TASK DETAILS =>
Word for word, give again the line holding "저는 어영부영 지방대다니다가" and each line after it to the end of the listing below.

DATA PROVIDED =>
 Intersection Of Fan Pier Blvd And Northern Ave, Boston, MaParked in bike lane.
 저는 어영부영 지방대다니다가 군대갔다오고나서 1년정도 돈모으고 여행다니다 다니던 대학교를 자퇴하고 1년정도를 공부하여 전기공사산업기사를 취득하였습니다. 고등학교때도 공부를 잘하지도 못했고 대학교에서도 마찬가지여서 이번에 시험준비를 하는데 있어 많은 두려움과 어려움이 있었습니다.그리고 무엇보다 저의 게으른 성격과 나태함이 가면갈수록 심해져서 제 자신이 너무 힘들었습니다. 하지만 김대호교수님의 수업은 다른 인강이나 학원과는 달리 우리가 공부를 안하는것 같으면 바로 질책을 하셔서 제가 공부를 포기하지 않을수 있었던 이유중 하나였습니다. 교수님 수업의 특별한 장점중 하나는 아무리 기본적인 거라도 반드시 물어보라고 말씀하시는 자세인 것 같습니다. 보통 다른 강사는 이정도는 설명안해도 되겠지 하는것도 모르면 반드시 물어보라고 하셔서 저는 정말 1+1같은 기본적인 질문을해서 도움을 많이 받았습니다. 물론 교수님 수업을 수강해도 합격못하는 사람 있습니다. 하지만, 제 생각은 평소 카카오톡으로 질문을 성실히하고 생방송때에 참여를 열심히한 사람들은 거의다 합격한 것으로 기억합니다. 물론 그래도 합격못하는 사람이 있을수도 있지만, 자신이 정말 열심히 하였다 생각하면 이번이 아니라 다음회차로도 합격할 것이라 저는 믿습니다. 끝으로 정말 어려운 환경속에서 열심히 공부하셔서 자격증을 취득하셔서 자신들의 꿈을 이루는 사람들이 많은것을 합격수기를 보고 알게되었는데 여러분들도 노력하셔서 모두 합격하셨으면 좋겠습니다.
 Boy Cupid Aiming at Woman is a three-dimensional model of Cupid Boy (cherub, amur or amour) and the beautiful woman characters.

COMPLETED EXERCISE =>
 저는 어영부영 지방대다니다가 군대갔다오고나서 1년정도 돈모으고 여행다니다 다니던 대학교를 자퇴하고 1년정도를 공부하여 전기공사산업기사를 취득하였습니다. 고등학교때도 공부를 잘하지도 못했고 대학교에서도 마찬가지여서 이번에 시험준비를 하는데 있어 많은 두려움과 어려움이 있었습니다.그리고 무엇보다 저의 게으른 성격과 나태함이 가면갈수록 심해져서 제 자신이 너무 힘들었습니다. 하지만 김대호교수님의 수업은 다른 인강이나 학원과는 달리 우리가 공부를 안하는것 같으면 바로 질책을 하셔서 제가 공부를 포기하지 않을수 있었던 이유중 하나였습니다. 교수님 수업의 특별한 장점중 하나는 아무리 기본적인 거라도 반드시 물어보라고 말씀하시는 자세인 것 같습니다. 보통 다른 강사는 이정도는 설명안해도 되겠지 하는것도 모르면 반드시 물어보라고 하셔서 저는 정말 1+1같은 기본적인 질문을해서 도움을 많이 받았습니다. 물론 교수님 수업을 수강해도 합격못하는 사람 있습니다. 하지만, 제 생각은 평소 카카오톡으로 질문을 성실히하고 생방송때에 참여를 열심히한 사람들은 거의다 합격한 것으로 기억합니다. 물론 그래도 합격못하는 사람이 있을수도 있지만, 자신이 정말 열심히 하였다 생각하면 이번이 아니라 다음회차로도 합격할 것이라 저는 믿습니다. 끝으로 정말 어려운 환경속에서 열심히 공부하셔서 자격증을 취득하셔서 자신들의 꿈을 이루는 사람들이 많은것을 합격수기를 보고 알게되었는데 여러분들도 노력하셔서 모두 합격하셨으면 좋겠습니다.
 Boy Cupid Aiming at Woman is a three-dimensional model of Cupid Boy (cherub, amur or amour) and the beautiful woman characters.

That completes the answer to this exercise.